Ancien technicien de son du défunt Spectrum, Ian Kelly fait paraître un premier album en 2006, Insecurity. Mitonné dans son appartement montréalais, l’opus propose une collection de pièces pop-folk aux accents tantôt acoustiques, tantôt électroniques. C’est à l’automne 2008 que le multi-instrumentiste livre son successeur, Speak Your Mind. Truffé d’arrangements soignés et d’ambiances feutrées, l’album précise davantage le style d’Ian Kelly : entre élans électro chaleureux et folk étoffé. « Lorsque j’ai composé ces chansons, je n’avais que ça à faire pendant un an. C’était un emploi à temps plein. Pour Insecurity, je travaillais à temps perdu ou lors de journées de congé. Je ne me disais pas que j’allais créer un disque complet. J’enregistrais des chansons à mon rythme et je ne savais pas ce que j’allais en faire. J’habitais en ville et je n’avais pas de vraie batterie. Cela a défini le son de l’album. Avec Speak Your Mind, j’avais un budget et de l’aide de la part d’une compagnie de disque (Audiogram). J’ai pris mon temps. C’est beaucoup plus peaufiné. Cela dit, je ne dirais pas que c’est un meilleur disque que le premier.
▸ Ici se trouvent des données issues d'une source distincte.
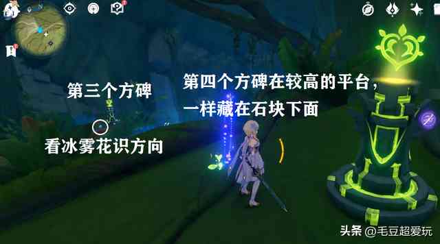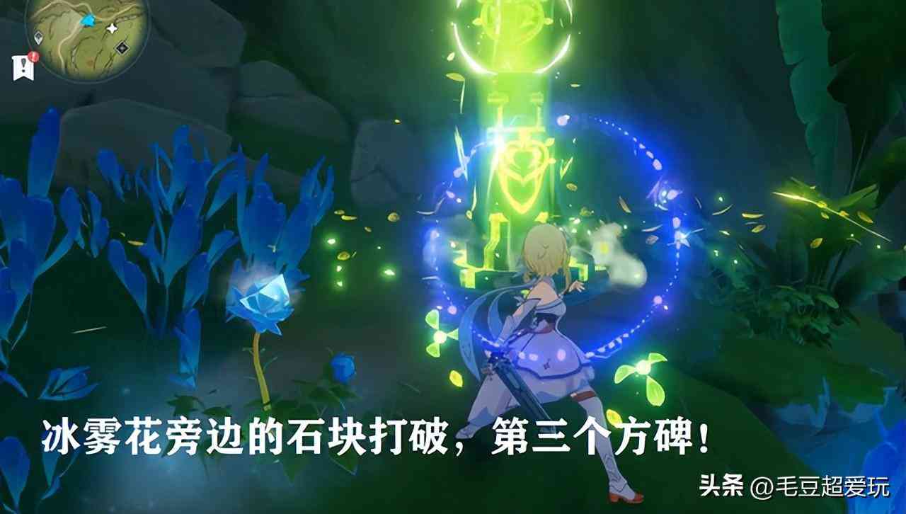 从屏障出来以后就一直往前走,飞过一个小水坑就会看到一个被藤蔓包裹的石块,这里用草元素激活一下可以拿到草种子,接着视角朝向左边可以看到一朵冰雾花,花旁边的石块用草种子击碎,就可以看到第三个元素方碑了。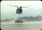 Bridge crewmembers in MK2 bridge boats work with CH-47 Chinook helicopters to transport and move sections of the bridge.

C’est simplement différent, » précise-t-il.

Certifié disque d’or (40 000 exemplaires écoulés), Speak Your Mind est l’album qui révéla Ian Kelly au public québécois. Montréalais d’origine irlando-gaspésienne (sa mère est anglophone, son père francophone), l’auteur-compositeur ne cache pas sa préférence pour la langue de Shakespeare lorsqu’il écrit. Il explique : « Il est plus facile pour moi d’écrire en anglais qu’en français. Les mots me viennent plus naturellement. J’ai toujours baigné dans un environnement anglophone dans ma jeunesse. La musique que j’écoutais était aussi en anglais. De la musique francophone, ça ne jouait pas chez moi. Aujourd’hui, il commence à y en avoir un peu plus, mais c’est tout récent. »

Un flirt avec l’Europe
Ayant fait les premières parties de Christophe Maé, l’automne dernier, lors d’un séjour de l’autre côté de l’Atlantique, Ian prévoit retourner en terre européenne cet été. Destinations : Bruxelles et le sud de la France. Percer à l’échelle internationale serait-il l’un de ses désirs secrets? « Je demeure ouvert aux possibilités. Souvent, dans la vie, ce sont des accidents qui nous guident. Avant, j’étais ambitieux. Je voulais jouer partout! Aujourd’hui, c’est l’Europe qui m’appelle. Le climat est agréable, les restos formidables. De plus, il y a un joli mélange de cultures. Un peu comme à Montréal. Plus j’y vais, plus je vois à quel point il est nécessaire de faire preuve d’acharnement pour réussir à percer ce marché. Mon but n’est pas d’être millionnaire ni d’être reconnu dans la rue. J’aime l’anonymat, la solitude et la vie de famille. J’adore rester chez moi et créer. Je serais satisfait si ma carrière prenait son envol dans quelques pays européens. Je souhaitais gagner ma vie avec la musique et je suis heureux d’avoir atteint mon but, » avance-t-il, souriant.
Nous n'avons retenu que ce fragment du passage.